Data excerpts
= Beginning of Section =
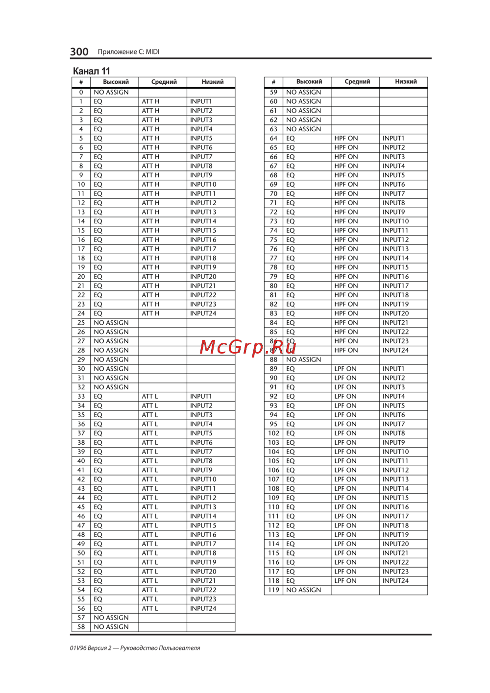 Yamaha 01V96VCM [298/320] Приложение c midi
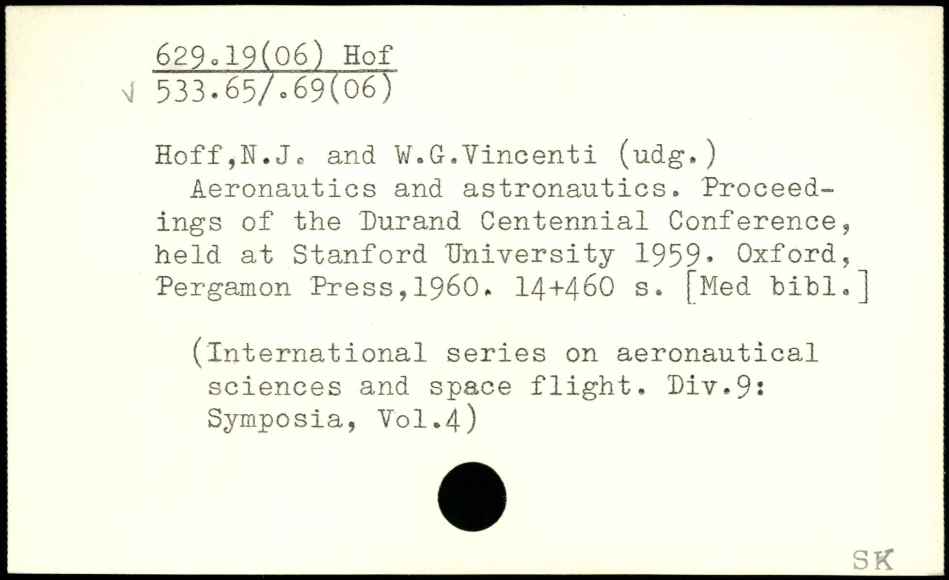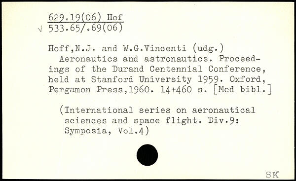 Aeronautics and astronautics. Proceedings of the Durand Centennial Conference, held at Stanford University 1959
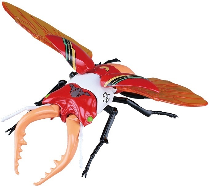 Fujimi's realistic Stag Beetle model kit returns in colors like those of Evangelion Unit 02! Its main parts like the horns, chest and legs are movable so it can be displayed in various poses; it can be displayed in flight by replacing the clear-molded inner wing parts. It assembles easily, too, with no glue required! Marking stickers for N-01 and N-02 are included as well
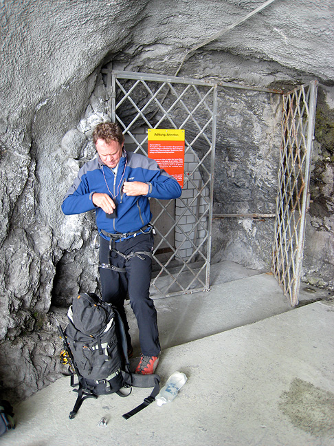Catching the 7:30 train from Grindelwald as the start of a big alpine route felt odd, indeed. And once we step off the train in the Eismeer station, the strangeness continues, with a walk down an icy tunnel and then out on to the glacier. Grant prepares the kit for the exit into the alpine world. |
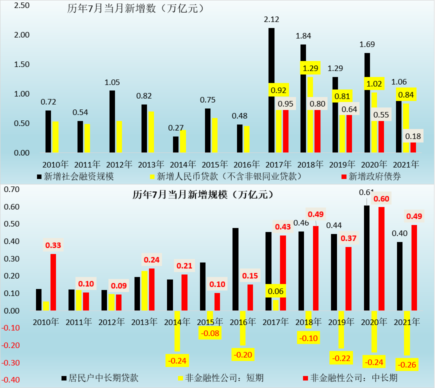 那么央行短期內(nèi)會(huì)不會(huì)放松政策來(lái)支撐社融呢?我們認(rèn)為央行可能還會(huì)觀察一段時(shí)期,再等等看。因?yàn)閺难胄械囊暯莵?lái)看,今年1-7月新增社融和新增人民幣貸款分別達(dá)到18.80萬(wàn)億和13.78萬(wàn)億,雖然較2020年同期分別少增-3.73萬(wàn)億和多增0.43萬(wàn)億,但較2019年同期仍分別多增2.90萬(wàn)億和2.95萬(wàn)億,因此絕對(duì)值上看似乎并不低?,F(xiàn)在市場(chǎng)可能更關(guān)心的是,監(jiān)管政策層面會(huì)不會(huì)有所放松?如地產(chǎn)和城投政策層面,目前來(lái)看這種可能性應(yīng)該是存在的,雖然不會(huì)允許新增,但基于存量債務(wù)化解的信貸支持應(yīng)該是有商量空間的,畢竟若實(shí)體經(jīng)濟(jì)出現(xiàn)流動(dòng)性危機(jī),屆時(shí)再出手拯救的難度會(huì)大幅提升。
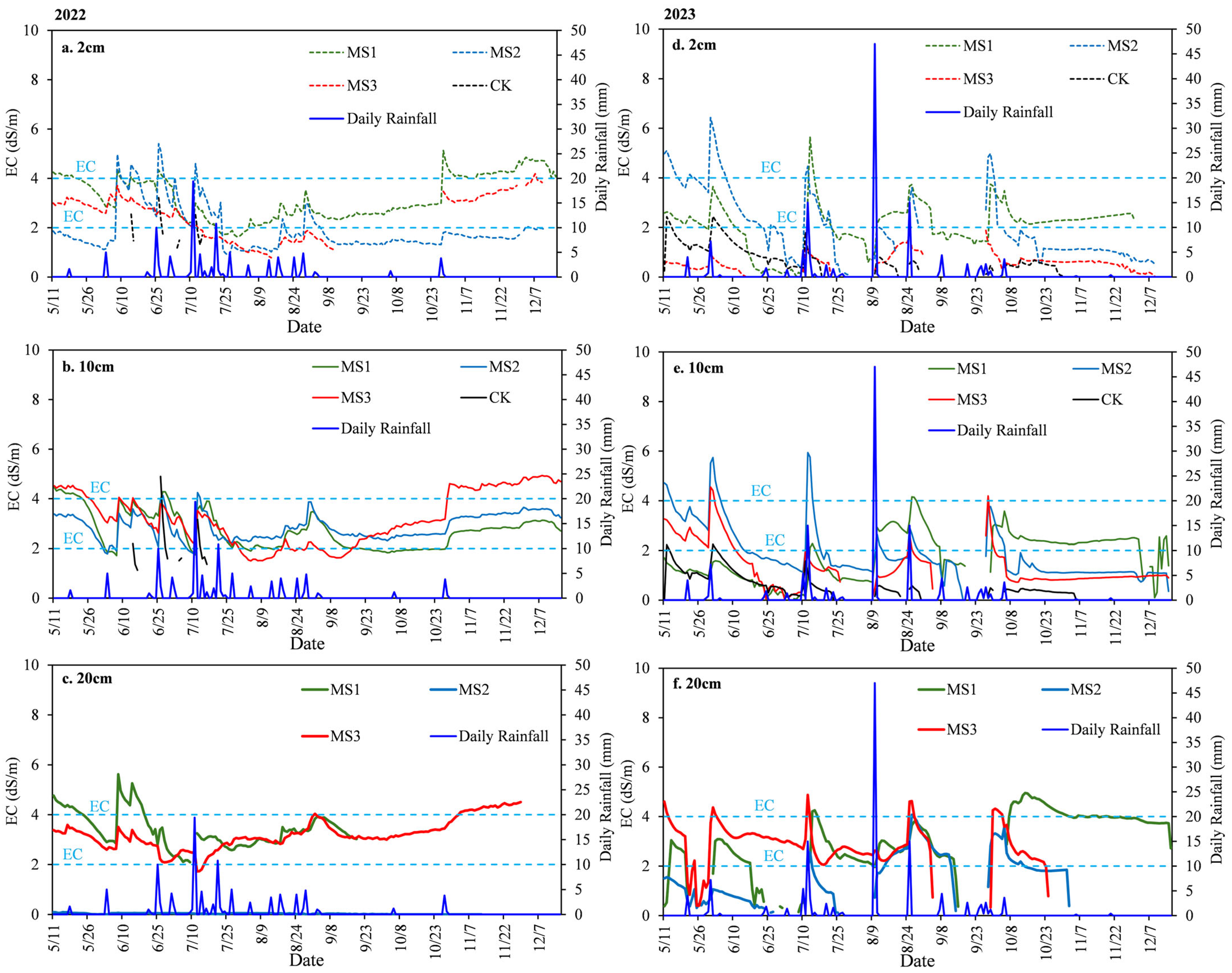 | Treatment | Electrical Conductivity (EC) (dS/m) | |||||
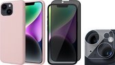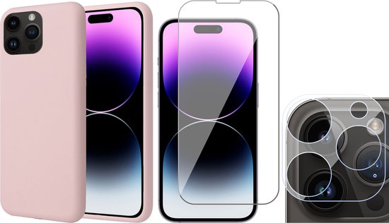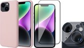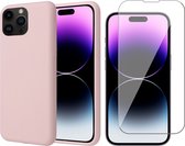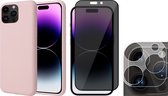 Coque iPhone 14 Pro - Protecteur d'écran GlassGuard & Camera Lens Screen Protector - Coque arrière SoftTouch Rose
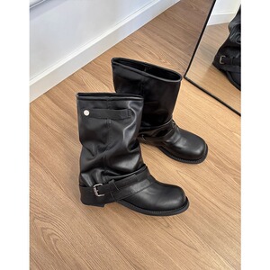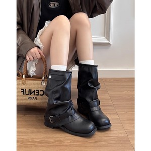 牛皮款~复古褶皱堆堆靴女粗跟黑色中筒靴西部靴马丁靴骑士靴
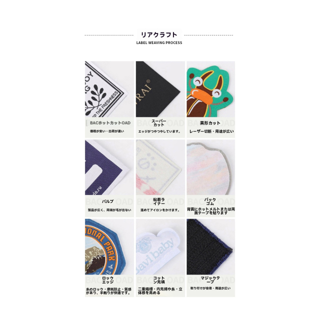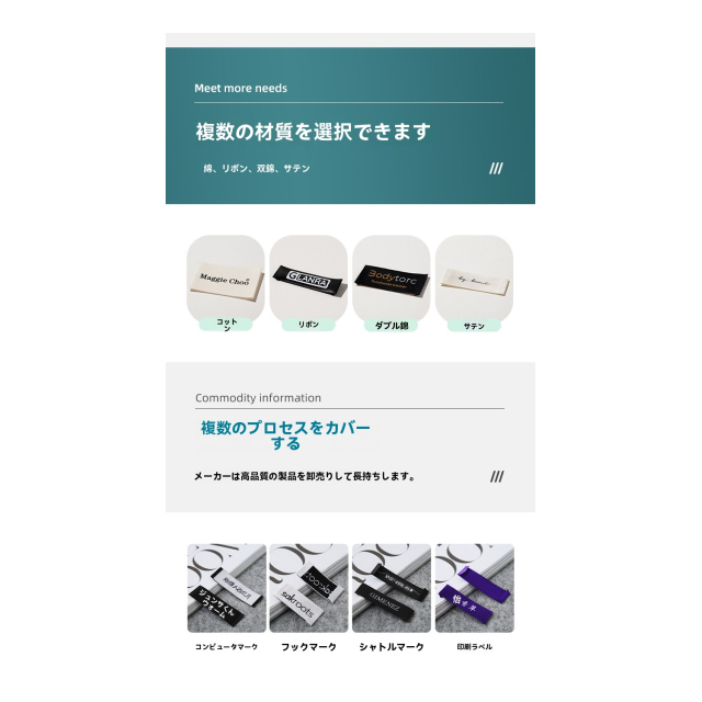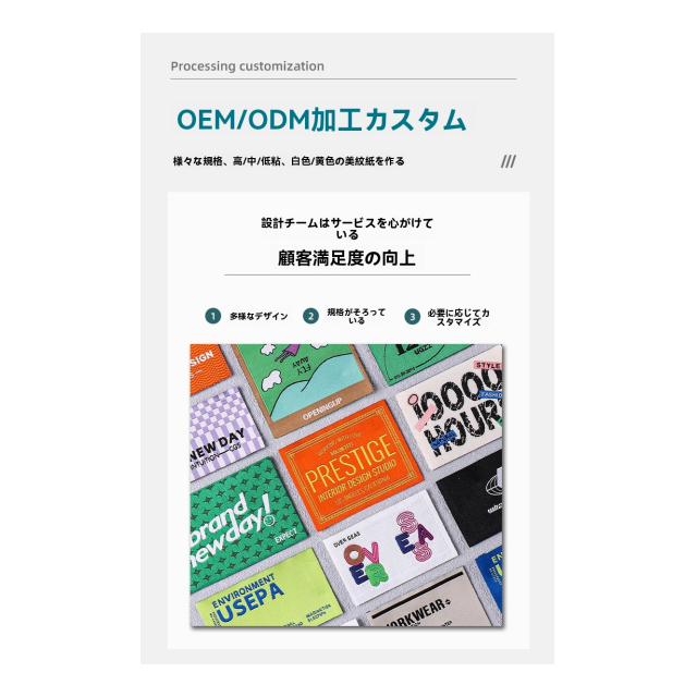 ニッチなデザイナーブランドであれ、ユニークでワンオブアカインドなスタイルを追求するものであっても、大規模な衣料品企業であれ、統一された規格のブランド識別を必要とするものであっても、当社はすべてカスタマイズ対応いたします。ラベルの形やサイズの大きさから、テキストのレイアウトや図案のデザインまで、あなたのクリエイティブなアイデアに完全に合わせます。当社には専門のデザインチームがあり、あなたにクリエイティブなアドバイスとデザイン案を提供し、すべての洗濯表示ラベルと刺繍ラベルが衣類の見せ場になるようにします。当社のカスタマイズされた洗濯表示ラベルと刺繍衣類ラベルを選ぶことで、あなたの衣類に専属のアイデンティティを作り出し、市場で際立って目立ち、ブランドイメージを向上させる新たな旅をスタートさせましょう。
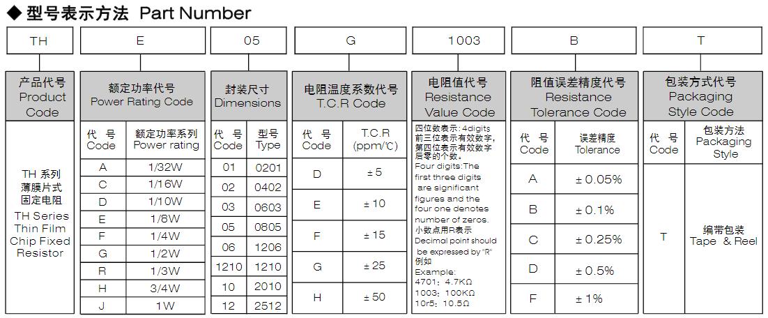 風(fēng)華高科高穩(wěn)定性薄膜片式固定電阻器 - TH 系列型號命名規(guī)則:
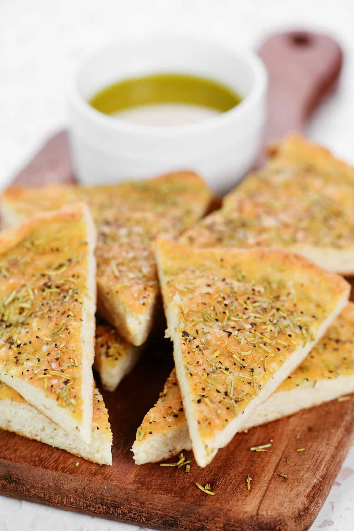 Finally, bake the cottage cheese focaccia at 400˚F for 13-16 minutes. Cut into wedges and serve with olive oil for dipping.
= End of Section =
• PROBLEM DESCRIPTION: Up to and including the line with "牛皮款~复古褶皱堆堆靴女粗跟黑色中筒靴西部靴马丁靴骑士靴", copy the data above from its first line. Skip pictures.

• EXERCISE RESULT:
 Yamaha 01V96VCM [298/320] Приложение c midi
 Aeronautics and astronautics. Proceedings of the Durand Centennial Conference, held at Stanford University 1959
 Fujimi's realistic Stag Beetle model kit returns in colors like those of Evangelion Unit 02! Its main parts like the horns, chest and legs are movable so it can be displayed in various poses; it can be displayed in flight by replacing the clear-molded inner wing parts. It assembles easily, too, with no glue required! Marking stickers for N-01 and N-02 are included as well
Catching the 7:30 train from Grindelwald as the start of a big alpine route felt odd, indeed. And once we step off the train in the Eismeer station, the strangeness continues, with a walk down an icy tunnel and then out on to the glacier. Grant prepares the kit for the exit into the alpine world. |
 那么央行短期內(nèi)會(huì)不會(huì)放松政策來(lái)支撐社融呢?我們認(rèn)為央行可能還會(huì)觀察一段時(shí)期,再等等看。因?yàn)閺难胄械囊暯莵?lái)看,今年1-7月新增社融和新增人民幣貸款分別達(dá)到18.80萬(wàn)億和13.78萬(wàn)億,雖然較2020年同期分別少增-3.73萬(wàn)億和多增0.43萬(wàn)億,但較2019年同期仍分別多增2.90萬(wàn)億和2.95萬(wàn)億,因此絕對(duì)值上看似乎并不低?,F(xiàn)在市場(chǎng)可能更關(guān)心的是,監(jiān)管政策層面會(huì)不會(huì)有所放松?如地產(chǎn)和城投政策層面,目前來(lái)看這種可能性應(yīng)該是存在的,雖然不會(huì)允許新增,但基于存量債務(wù)化解的信貸支持應(yīng)該是有商量空間的,畢竟若實(shí)體經(jīng)濟(jì)出現(xiàn)流動(dòng)性危機(jī),屆時(shí)再出手拯救的難度會(huì)大幅提升。
 | Treatment | Electrical Conductivity (EC) (dS/m) | |||||
 Coque iPhone 14 Pro - Protecteur d'écran GlassGuard & Camera Lens Screen Protector - Coque arrière SoftTouch Rose
 牛皮款~复古褶皱堆堆靴女粗跟黑色中筒靴西部靴马丁靴骑士靴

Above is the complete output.